■ **Source data**:
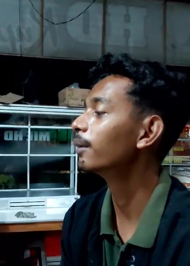 side profile of a young man with dark, curly hair, a mustache, and dark skin. He is wearing a dark jacket over a green collared shirt. He exhales a puff of smoke from his mouth. He then brings a cigarette to his lips. The background is dark, but a white, rectangular display case with multiple glass panes is partially visible. Some items are visible inside the case. Above the case are white panels, possibly parts of a ceiling or wall, with some dark lines and writing on them. A table and chair are also partially visible. The lighting is dim.
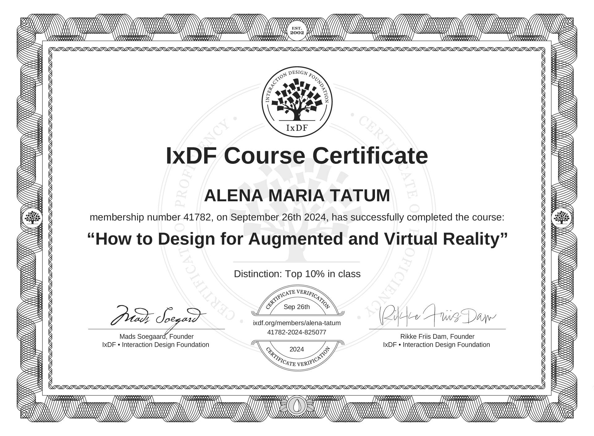 The IxDF Course Certificate above is awarded to ALENA MARIA TATUM with a Top 10% Distinction in formal recognition of their coursework surpassing the rigorous benchmarks of exceptional performance established by the IxDF Educational Codex.
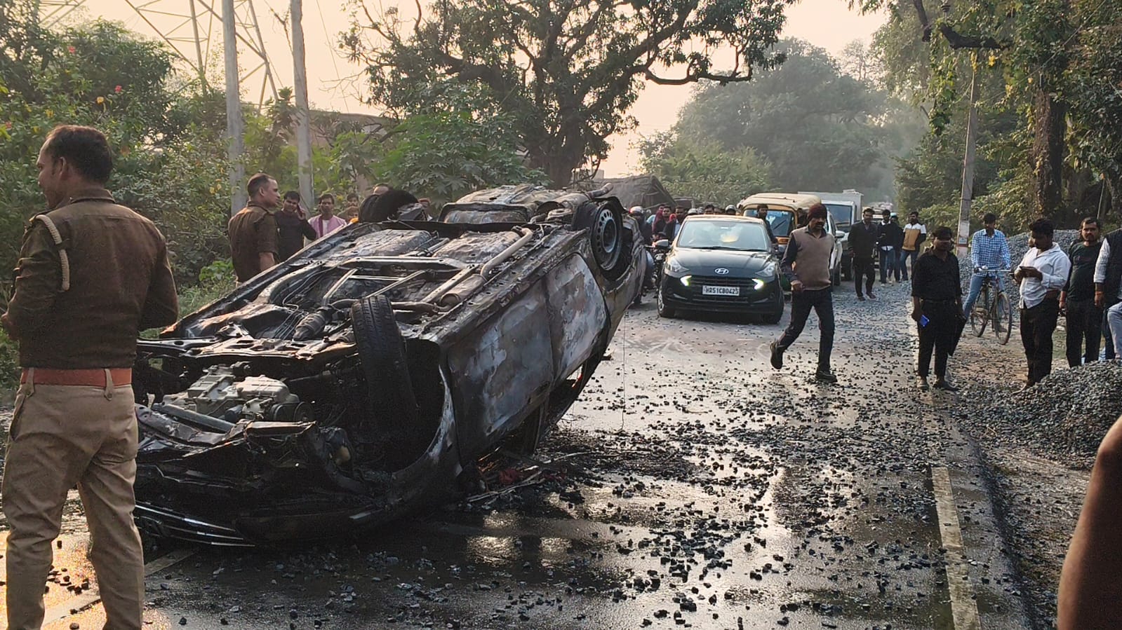 बताया गया है कि दोपहर लगभग लगभग 3 बजे एक एसयूबी गाड़ी तेज रफ्तार प्रतापगढ़ की तरफ से पट्टी की ओर आ रही थी। आनापुर मोड़ के निकट पहुंचने पर लोगों के बीच चर्चा है कि गाड़ी से स्कूल से लौट रही एक छात्रा की मामूली टक्कर हो गई। इसी के बाद तेज रफ्तार एसयूवी भी आगे बढ़कर सड़क के किनारे निर्माणाधीन मकान की रखी गई गिट्टी में फंसकर बीच सड़क पर ही पलट गई। जब आस-पास के लोग वहां पहुंचते वाहन में बैठे तीन नवयुवक उसके अंदर से बाहर निकले। पलक झपकते ही वह तीनों गाँव की ओर भाग गए।इसी दौरान बीच सड़क पर पलटी गाड़ी में आग की लपटें दिखलाई पड़ी। पूरे वाहन में आग लग गई।वह धू धूकर जलने लगा। इससे मार्ग पर यातायात बाधित हो गया। दोनों ओर वाहनों की कतार लग गई। आस-पास के लोगों ने फायर ब्रिगेड कर्मियों के साथ पुलिस को सूचना दी। फायर ब्रिगेड कर्मियों के साथ पट्टी कोतवाली पुलिस फोर्स के साथ मौके पर पहुंची। वाहन में लगी आग को बुझाया गया। बताया गया कि जिस गाड़ी में आग लगी है। वह महाराष्ट्र के नंबर की थी। पुलिस उसका डिटेल खंगाल रही है। वाहन को रास्ते से जेसीबी बुलाकर हटवाकर आवागमन चालू कराया गया। जबकि जिस छात्रा को टक्कर लगने की बात कही जा रही है उसे हल्की चोटें आई थी।स्थानीय लोगों के मुताबिक वह यहां से जा चुकी थी।
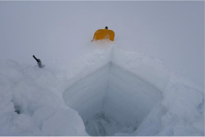 A snow pit on Loveland Pass shows a narrow stripe of dust near the surface. When it’s exposed, the dust can speed up melt off by a couple weeks. Photo credit: Center for Snow and Avalanche Studies via KUNC
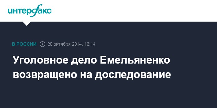 Москва. 20 октября. INTERFAX.RU - Прокуратура вернула на доследование уголовное дело в отношении бойца смешанных единоборств Александра Емельяненко, обвиняемого по делу об изнасиловании, сообщил в понедельник адвокат Александр Карабанов.
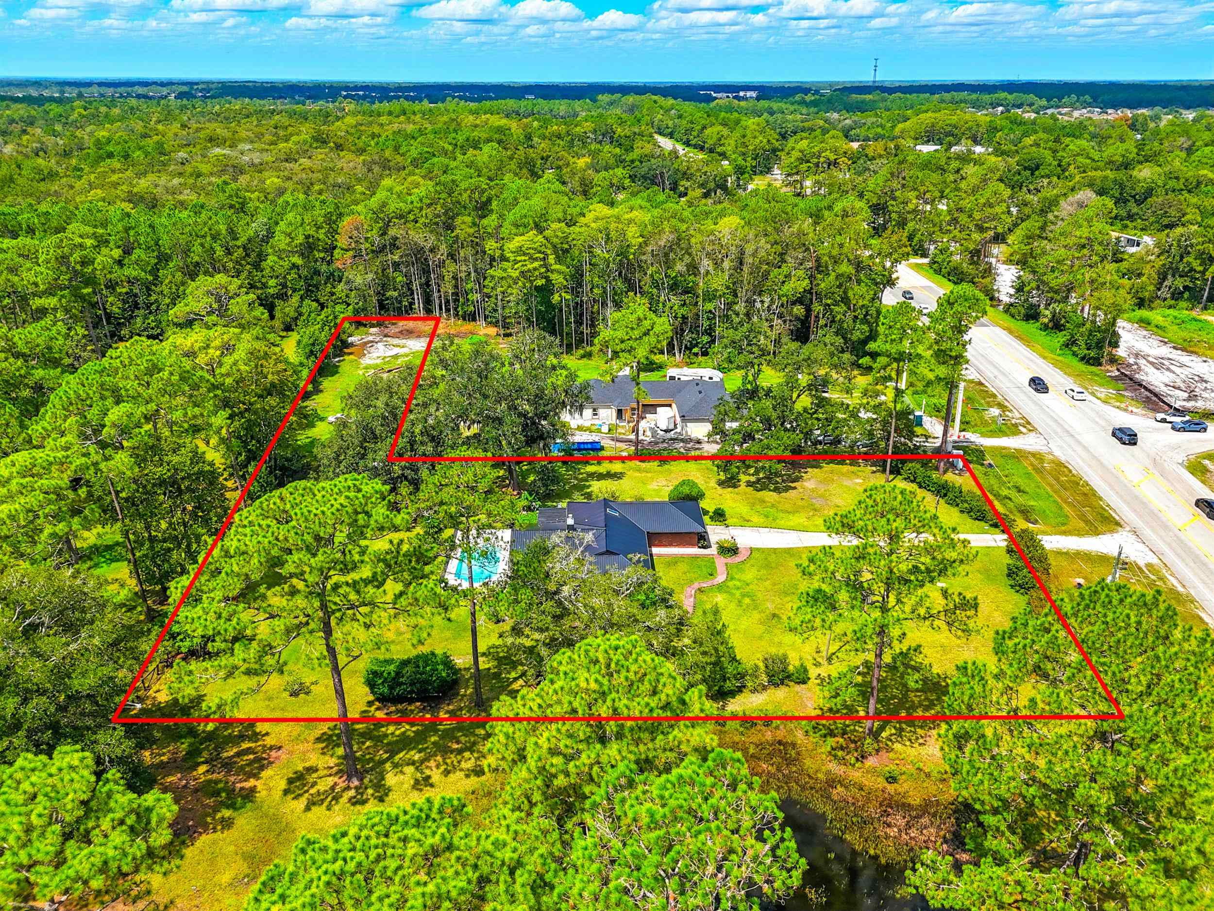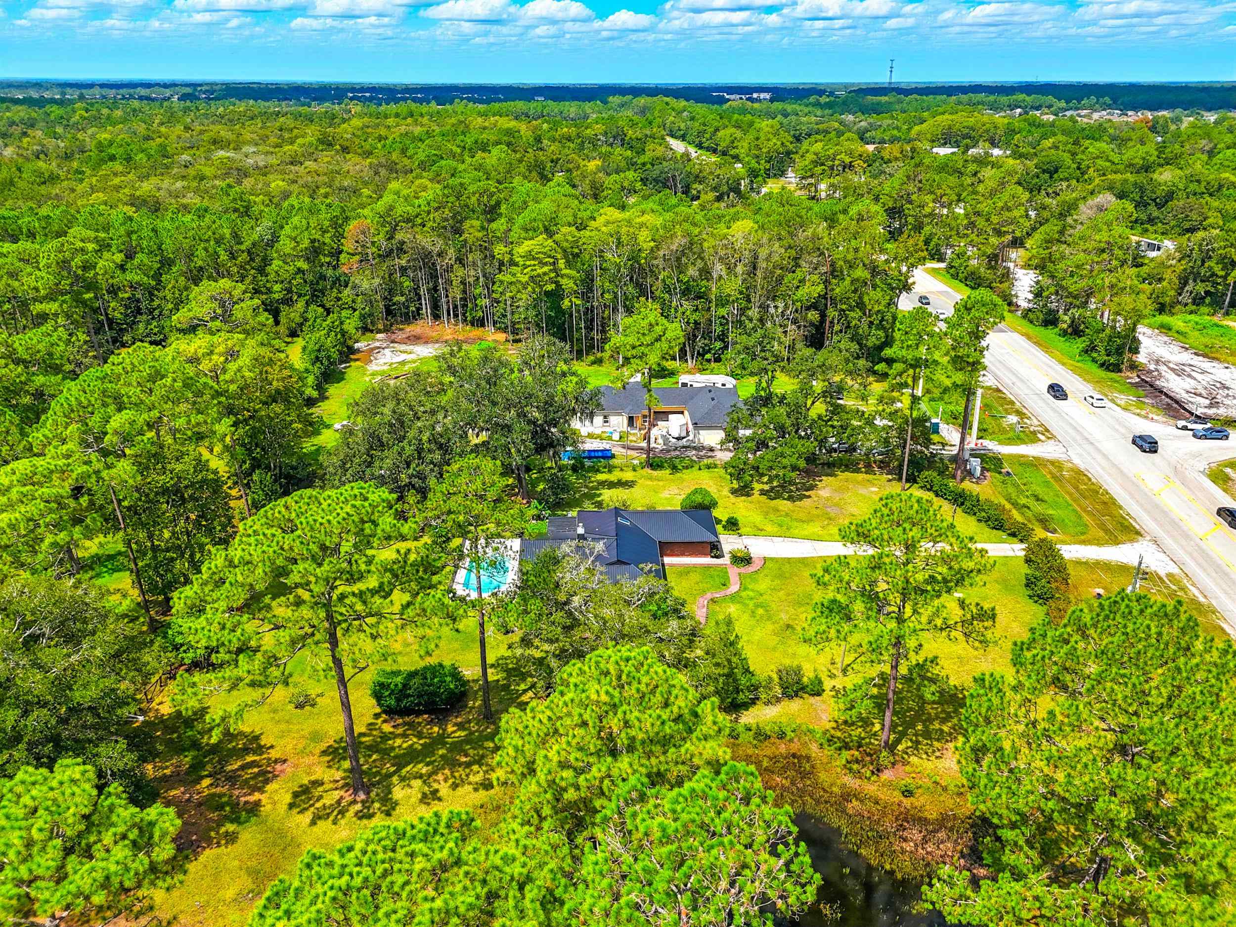 THIS OPEN RURAL ZONED PROPERTY CAN BE USED FOR A RESIDENTIAL HOMESTEAD OR FOR AGRICULTURAL USES AS WELL AS A HOME-BASED BUSINESS. SELLERS ARE MOTIVATED, BRING ALL OFFERS! Potential allowable uses include: plant nurseries, general stores and feed stores, special care housing, veterinary offices, animal hospitals, kennels and other animal boarding facilities, primitive campgrounds, retreats, private clubs, riding academy, hunting camp, wildlife preserve or church. Now offered at an exceptional new price — don’t miss this opportunity to own one of the best values in World Golf Village area. Tucked away in the peaceful countryside of historic Saint Augustine, this one-of-a-kind property combines rural charm with city convenience. Ideally located just 2 miles from the I-95 World Golf Village exit and only 11 miles from the ocean, this home offers a lifestyle that’s hard to find anywhere else in the area. The well-built brick residence has been fully remodeled into an open-concept floor plan and features a brand-new galvanized metal roof. A stunning Great Room addition, completed in 2024, expands the living space and makes this home truly exceptional. Step inside to find high-beamed ceilings, elegant chandeliers, rich hardwood floors, and spacious areas perfect for gatherings. The newly designed kitchen showcases luxurious granite countertops, Italian travertine flooring, stainless steel appliances, and a generous walk-in pantry. The show-stopping Great Room boasts a dramatic 16-foot cathedral ceiling with exposed beams, seven oversized 6x6 ft windows, gleaming hardwood ceilings, elegant chandeliers, rich hardwood floors, and spacious areas perfect for gatherings. The newly designed kitchen floors, and a striking two-way wood-burning fireplace crafted from natural Tennessee mountain stone. Bathed in natural light, this space offers tranquil views of the property and seamless access to the pool and covered patio. Opportunity awaits—the covered patio rests on a concrete slab, creating the potential for a future 4th bedroom or in-law suite with private access to both the Great Room and pool area. Set on 1. 99 acres of high and dry land (no flood zone), the property is surrounded by lush landscaping that includes majestic Florida live oaks, citrus trees, and year-round blooming botanicals. Local wildlife such as wild turkey, deer, and a variety of birds can often be spotted roaming the grounds, while the land also supports livestock, as many neighboring farms do. Three outbuildings add even more value: a small barn with three sections (ideal for livestock and storage) complete with a chicken coop and eight nesting boxes, plus two sheds—including one with a side carport. With endless possibilities for both living and lifestyle, this property offers a rare blend of elegance, functionality, and natural beauty. Don’t miss your chance to see it in person—schedule your showing today!
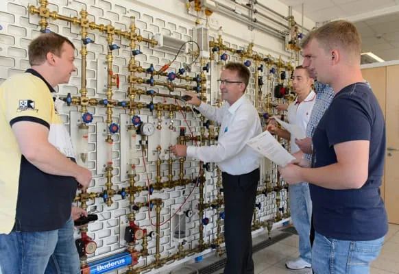 Praktische Anwendungen sind ein wesentlicher Bestandteil der Buderus Schulungen – beispielsweise an der Hydraulikwand. – © Buderus
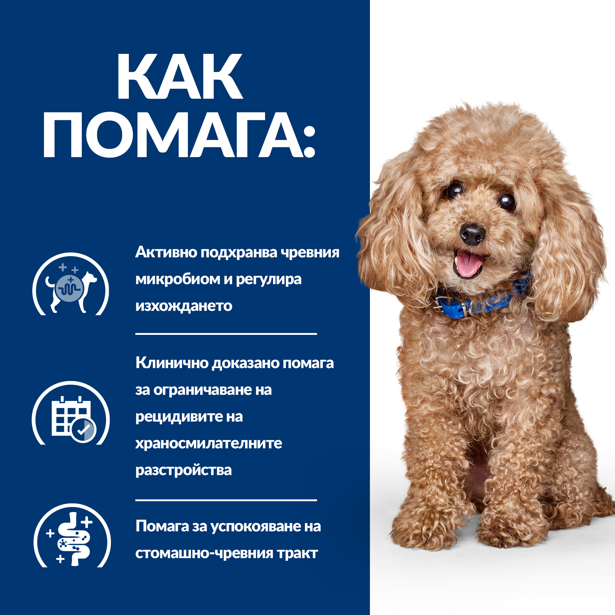 Важно е да продължите да храните кучето си с PRESCRIPTION DIET Gastrointestinal Biome Mini и след подобряване на симптомите, за поддържане на добро храносмилателно здраве. Вашият ветеринарен лекар ще Ви разкаже повече за това как храните PRESCRIPTION DIET могат да допринесат за един щастлив и активен живот.

■ **Goal of the exercise**:
The reply should hold an exact repeat of the entries from their opening line through the line with "The IxDF Course", and no pictures at all.

■ **Answer to the problem**:
 side profile of a young man with dark, curly hair, a mustache, and dark skin. He is wearing a dark jacket over a green collared shirt. He exhales a puff of smoke from his mouth. He then brings a cigarette to his lips. The background is dark, but a white, rectangular display case with multiple glass panes is partially visible. Some items are visible inside the case. Above the case are white panels, possibly parts of a ceiling or wall, with some dark lines and writing on them. A table and chair are also partially visible. The lighting is dim.
 The IxDF Course Certificate above is awarded to ALENA MARIA TATUM with a Top 10% Distinction in formal recognition of their coursework surpassing the rigorous benchmarks of exceptional performance established by the IxDF Educational Codex.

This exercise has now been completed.